*Exercise description*. Reproduce exactly only the lines from the line that holds "Kleinziegenfelder Tal und Schrepfersmühle" to the line that holds "A los compañeros", inclusive, in the listing below, and please leave out every picture.

==================================================

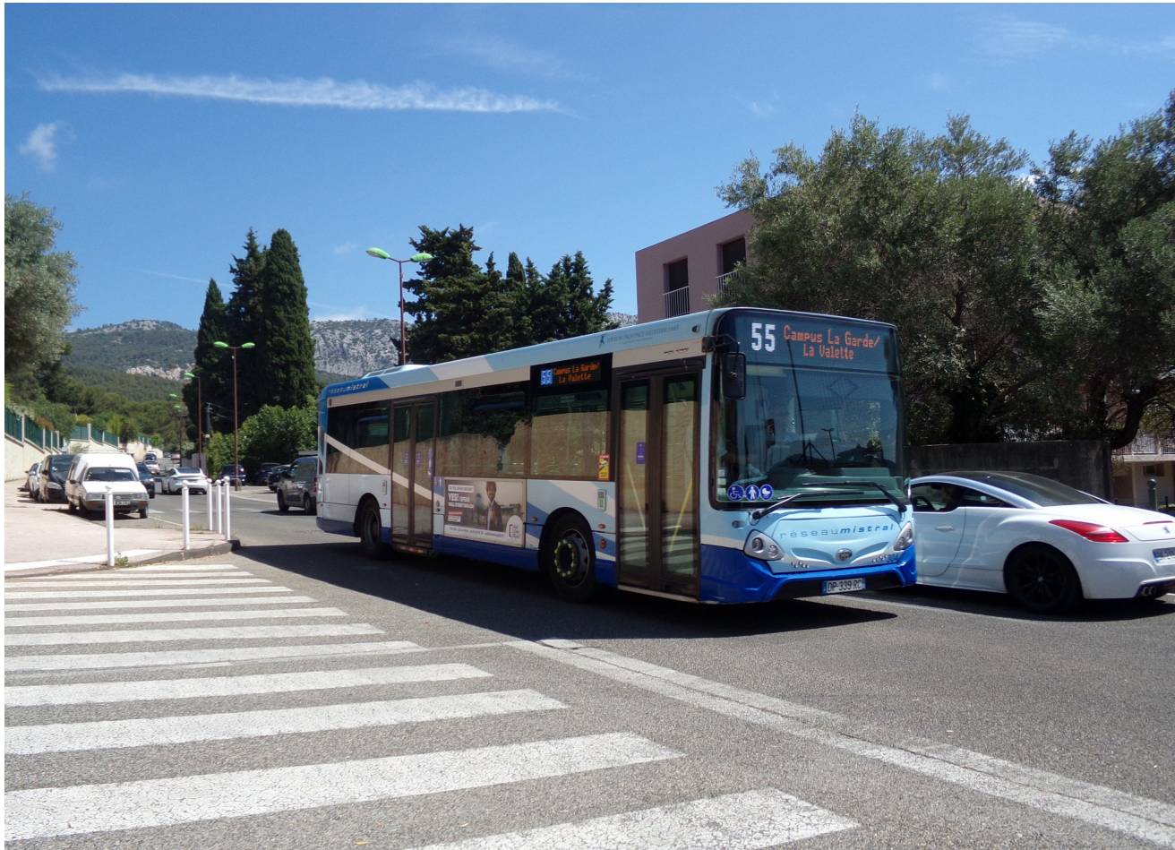
Le 304 venant de passer l'arrêt Minimes direction Campus

A noter qu'aux débuts de la ligne, les 3 premiers arrêts étaient situés Avenue de Sainte Cécile.
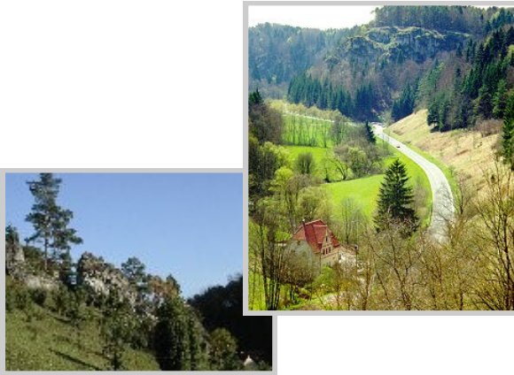
Kleinziegenfelder Tal und Schrepfersmühle

bietet Ihnen eine Vielzahl an gut markierten Wanderwegen und Naturschönheiten (u.a. der Kordigast, Kleinziegenfelder Tal, Bärental und vieles
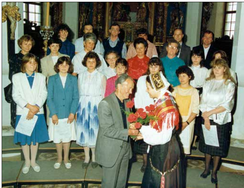
Mešani cerkveni zbor na reviji cerkvenih zborov v Sorici.
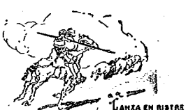
Para leer con la nariz tapada

A los compañeros que residen en las localidades donde moran estos palpos asquerosos, solo les recomendamos que paguen mercedamente su obra ruin y cobarde; por nuestra parte, un escupitajo en el rostro.
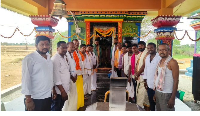
గజ్వేల్ మండలం:21 ఏప్రిల్ 2024 ( ప్రజా కలం ప్రతినిధి ) గజ్వేల్ మండలం అనంతరావుపల్లి గ్రామంలో నాథి శిలా గ్రామదేవతల ప్రతిష్ఠ మహోత్సవ కార్యక్రమాలు వైభవంగా నిర్వహిస్తున్నారు ఆదివారం గ్రామ

==================================================

*Answer to this task*.
Kleinziegenfelder Tal und Schrepfersmühle

bietet Ihnen eine Vielzahl an gut markierten Wanderwegen und Naturschönheiten (u.a. der Kordigast, Kleinziegenfelder Tal, Bärental und vieles
Mešani cerkveni zbor na reviji cerkvenih zborov v Sorici.
Para leer con la nariz tapada

A los compañeros que residen en las localidades donde moran estos palpos asquerosos, solo les recomendamos que paguen mercedamente su obra ruin y cobarde; por nuestra parte, un escupitajo en el rostro.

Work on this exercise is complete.